--- Material provided ---

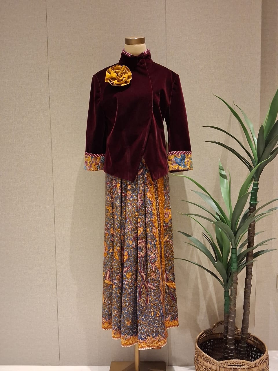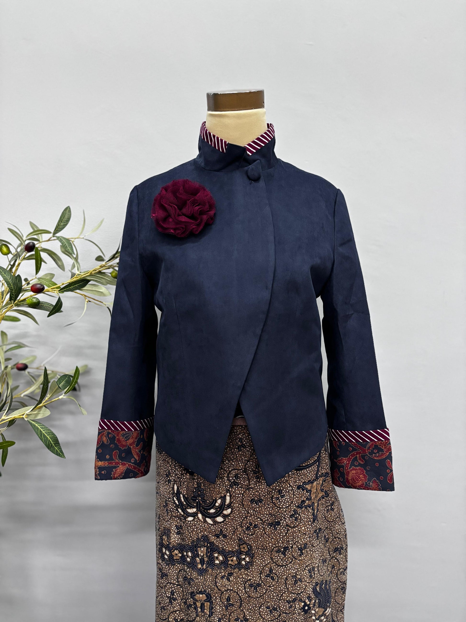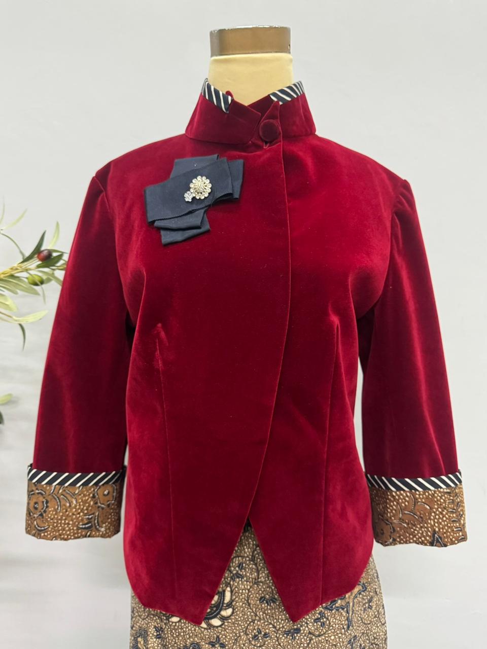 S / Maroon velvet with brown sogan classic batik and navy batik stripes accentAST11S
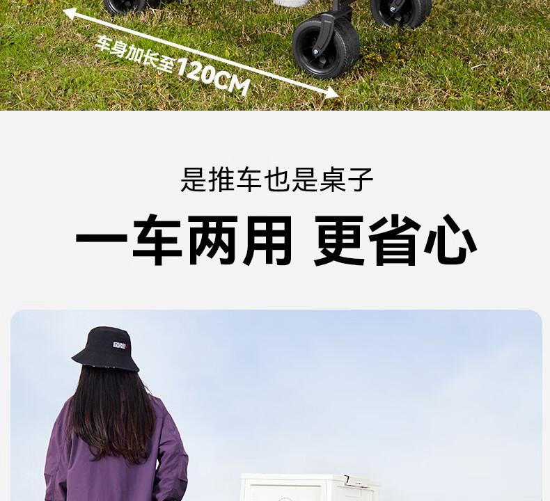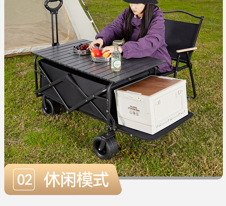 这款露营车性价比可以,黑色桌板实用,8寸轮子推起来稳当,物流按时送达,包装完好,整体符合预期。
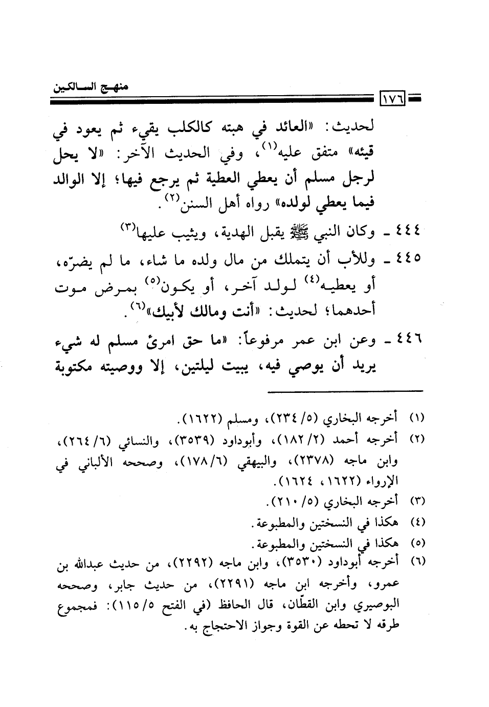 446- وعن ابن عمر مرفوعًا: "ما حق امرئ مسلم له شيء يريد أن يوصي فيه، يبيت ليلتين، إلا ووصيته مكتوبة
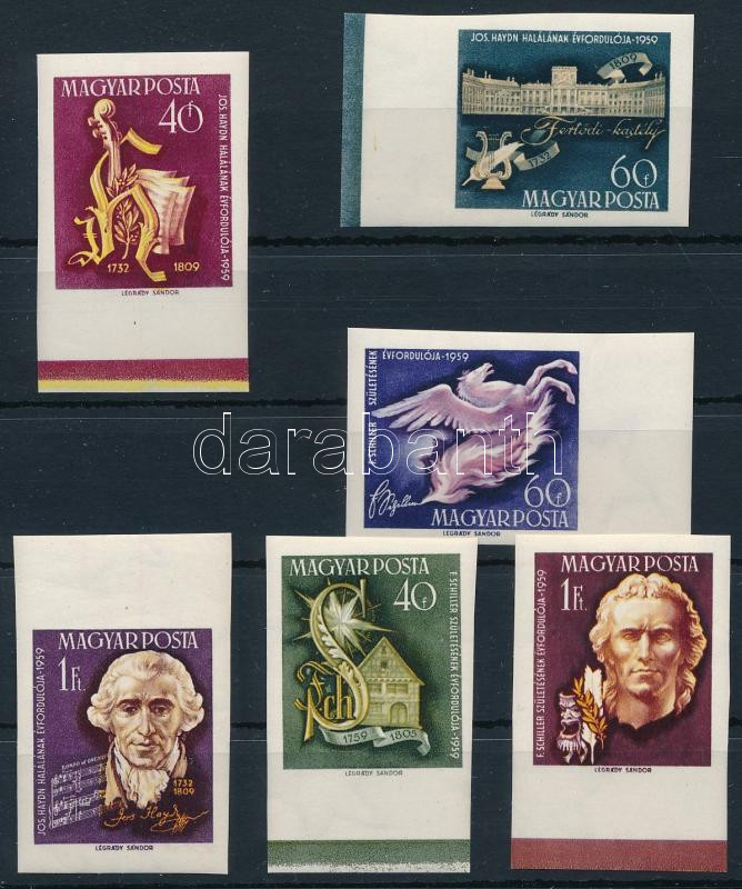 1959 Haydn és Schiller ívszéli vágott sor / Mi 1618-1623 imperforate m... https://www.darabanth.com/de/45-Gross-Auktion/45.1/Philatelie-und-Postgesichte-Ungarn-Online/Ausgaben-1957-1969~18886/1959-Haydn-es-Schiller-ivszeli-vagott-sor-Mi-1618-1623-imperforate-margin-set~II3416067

---

- [The task]
For each line above, output its wording exactly and leave out any picture.

- [Finished task]
 S / Maroon velvet with brown sogan classic batik and navy batik stripes accentAST11S
 这款露营车性价比可以,黑色桌板实用,8寸轮子推起来稳当,物流按时送达,包装完好,整体符合预期。
 446- وعن ابن عمر مرفوعًا: "ما حق امرئ مسلم له شيء يريد أن يوصي فيه، يبيت ليلتين، إلا ووصيته مكتوبة
 1959 Haydn és Schiller ívszéli vágott sor / Mi 1618-1623 imperforate m... https://www.darabanth.com/de/45-Gross-Auktion/45.1/Philatelie-und-Postgesichte-Ungarn-Online/Ausgaben-1957-1969~18886/1959-Haydn-es-Schiller-ivszeli-vagott-sor-Mi-1618-1623-imperforate-margin-set~II3416067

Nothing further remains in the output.